Und es zeichnet sich eine zweite Katastrophe ab: Die Kinder in den betroffenen Regionen haben Traumatisches erlebt. Viele haben ihre Eltern verloren. Die Nachbeben machen sogar uns Erwachsenen eine Riesenangst, geschweige denn den Kindern. Diese Kinder brauchen dringend psychologische Betreuung. Save the Children hat jahrzehntelange Erfahrung in der Betreuung von Kindern in Krisensituationen – und wir tun auch jetzt alles dafür, dass Kinder die dringend nötige Betreuung erhalten.
Derzeit ist unsere Priorität, Menschen in abgelegenen, bergigen Regionen in der Nähe des Epizentrums mit Hilfe zu erreichen. Die Lage in Kathmandu ist schrecklich, aber die Menschen hier erhalten immerhin Hilfe. In den abgelegenen Regionen ist bisher erst wenig Hilfe angekommen. Ganze Dörfer liegen in Schutt und Asche, Erdrutsche versperren Strassen, unzählige Leichen wurden noch nicht geborgen.

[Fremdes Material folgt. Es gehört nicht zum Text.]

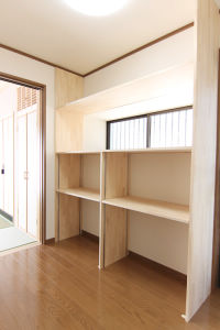 設置した棚は収納する物のサイズと、出窓に無理せず手が届く高さ奥行きに設定し造作。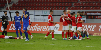 08.08..2025 xhpx Offenbach am Main, Sparda-Bank-Hessen Stadion - Stadion Bieberer Berg Kickers Offenbach (OFC) - FC Bayern Alzenau Jubel über den Sieg, Frust ua. bei Marcel Wilke (Alzenau) ********* Foto: A2Bildagentur Peter Hartenfelser

Wir hoffen verzweifelt, dass die Lage nicht so schlimm ist, wie wir sie uns vorstellen. Wir werden alles Nötige tun, um den Menschen in Nepal zu helfen. Das Engagement der Weltbevölkerung und der internationalen Gemeinschaft ist beeindruckend. Doch ich kann euch versichern, dass es noch sehr viel mehr Hilfe brauchen wird.
Dieser Augenzeugenbericht erschien zuerst am 28. April 2015 in der australischen «Herald Sun».